Hard Labour. The serial suicide of the British Labour party, in advance of Blair’s departure, continues apace, as this interview with the apparently late Gordon Brown in the Times demonstrates. The alternative? The empty Izod that is David Cameron, often running slightly to the left of New Labour. The BBC carries his latest pronouncement against free market economics. “I want India to be India and Britain to be Britain.” And Cameron to be Blair, no doubt.

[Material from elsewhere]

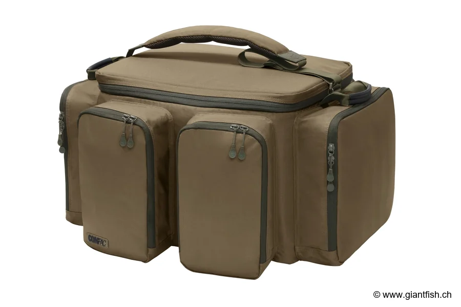 Welche Accessoires kann ich im Compac Carryall X-Large aufbewahren?Diese Tasche ist dafür gedacht, jede Art von Angelausrüstung aufzunehmen, von Vorfachboxen bis zu zusätzlicher Kleidung sowie Elektronik, Köder und verschiedene Accessoires.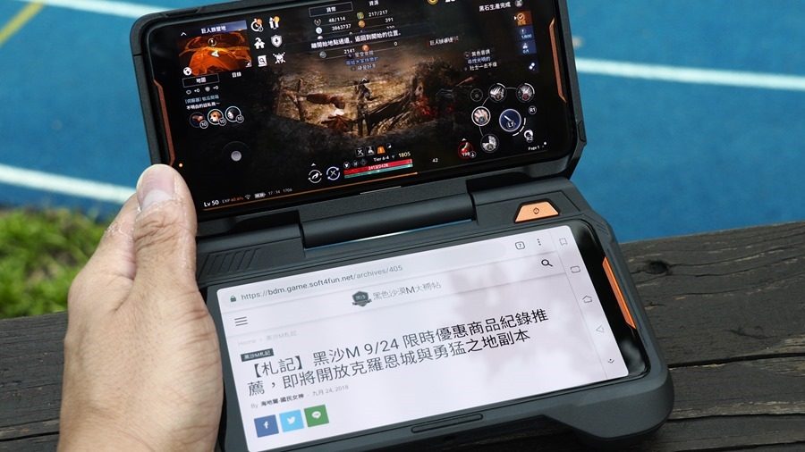 把 ROG Phone 接上後,就可以一邊看攻略、一邊進行遊戲啦!

Innocents abroad. The British are brilliant at sending their William Boots to darkest America, where they meet the incomprehensible natives and their quaint folk ways. Here’s the Observer’s hapless Paul Harris outraged at the eccentricities of federalism in the New World: “In some places you can't vote if you have a prison record. In others, you can.” Plus, all the license plates are different. It’s like hard math. Paul, in some places, you can vote if you’re dead — and if you vote for Hugo Chavez. It’s a political miracle.

— Denis Boyles is author of Vile France: Fear, Duplicity, Cowardice and Cheese.